Snyder also contends that physics around the globe have directly assisted in thousands of investigations that have resulted in the recovery of hundreds of missing people. In addition, he says scientific research into the psychic phenomenon is ongoing, but early studies have been promising.
Psychic detective work, as with all criminal investigations, is not an exact science. Most of the information comes to the medium in bits and pieces and needs to be matched with the facts, evidence and witness interviews.
No psychic is correct all the time, says psychic Shellee Hale, founder of Psychic Crime Fighter, a team of volunteer psychic detectives.
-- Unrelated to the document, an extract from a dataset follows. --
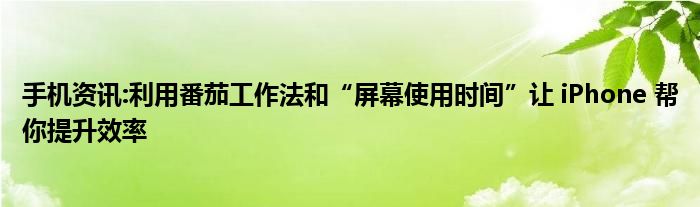 如今使用IT數碼設備的小伙伴們是越來越多了,那么IT數碼設備當中是有很多知識的,這些知識很多小伙伴一般都是不知道的,就好比最近就有很多小伙伴們想要知道利用番茄工作法和“屏幕使用時間”讓 iPhone 幫你提升效率,那么既然現在大家對于利用番茄工作法和“屏幕使用時間”讓 iPhone 幫你提升效率都感興趣,小編就來給大家分享下關于利用番茄工作法和“屏幕使用時間”讓 iPhone 幫你提升效率的一些信息吧。

If anyone tells you they are 100 percent accurate all the time, they’re lying,” says Hale, who also works with Snyder and Find Me. “I am one of the best out there, and I’m only right about 40 percent of the time. I’m either 100 percent right or I’m wrong.”While it is rewarding to help loved ones locate the missing, Hales says it can be disturbing to deal with death on a daily basis. Although psychic investigators have found missing people alive, the majority of the cases end in tragedy.
“Most of the time when we get a case, the person has already passed,” Hale says. “It’s so sad. Every day it’s sad. Living with these kind of abilities is sad.”
Finding Willie
January 15, 2011, was the last day of Willie Jigba’s short life.
In the early hours that Saturday morning, 24-year-old Willie left a party in Tempe that had just been broken up by police. He had been drinking and had no money for a cab, so he decided to walk to his apartment near University and McClintock, just two-and-a-half miles away, but Willie never made it home.
When he didn’t show up for work the following Monday, his family and friends began canvassing the neighborhood, knocking on doors and hanging missing-persons posters. Police, however, initially didn’t take the case seriously, Snyder says.
“He was drunk that night. He was probably sleeping it off at some chick’s house and don’t worry about it—that’s what the Tempe Police department told all of his friends and his father,” Snyder says. “They knew he would never do that.”
Early in the investigation, Find Me took on the case, and Snyder sent out an emergency assignment to his psychics. When Shellee Hale read the details of the man’s disappearance, she knew instantly Willie was dead. She told Snyder that he had fallen from a high structure, hit his dead and was somewhere in the water.
Snyder immediately connected Hale’s vision to Tempe Town Lake. Snyder began to comb the lake with Arizona Search Track and Rescue, as well as a pack of canines. On the first day of the search, the dogs detected a human scent which was later determined to be Willie. His body was later recovered from the lake below the Mill Avenue Bridge.
While Hale’s prediction turned out to be correct, she says Willie’s body would have never been recovered without the police.
“The thing is I can’t do this without law enforcement and search and rescue, because I personally can’t go searching for every single person that goes missing,” Hale says. “I’m relying on good search and rescue, good law enforcement.”
Without the cooperation of open-minded cops, Find Me can’t function. Snyder says that is the biggest challenge: convincing police that information from psychics can assist in investigations. Snyder is currently working to get the message out to law enforcement around the country that psychics can solve crimes, if their information is taken seriously.
“We are nothing more than an investigative tool, and that’s how they need to look at it,” says Snyder. “It doesn’t always come together that perfectly, and the reason for that is the psychics get images and they have to interpret… I tried to explain to them this is an interpretation thing. The information is coming in accurately; somewhere in my report is the truth. The police have to figure out what makes sense.”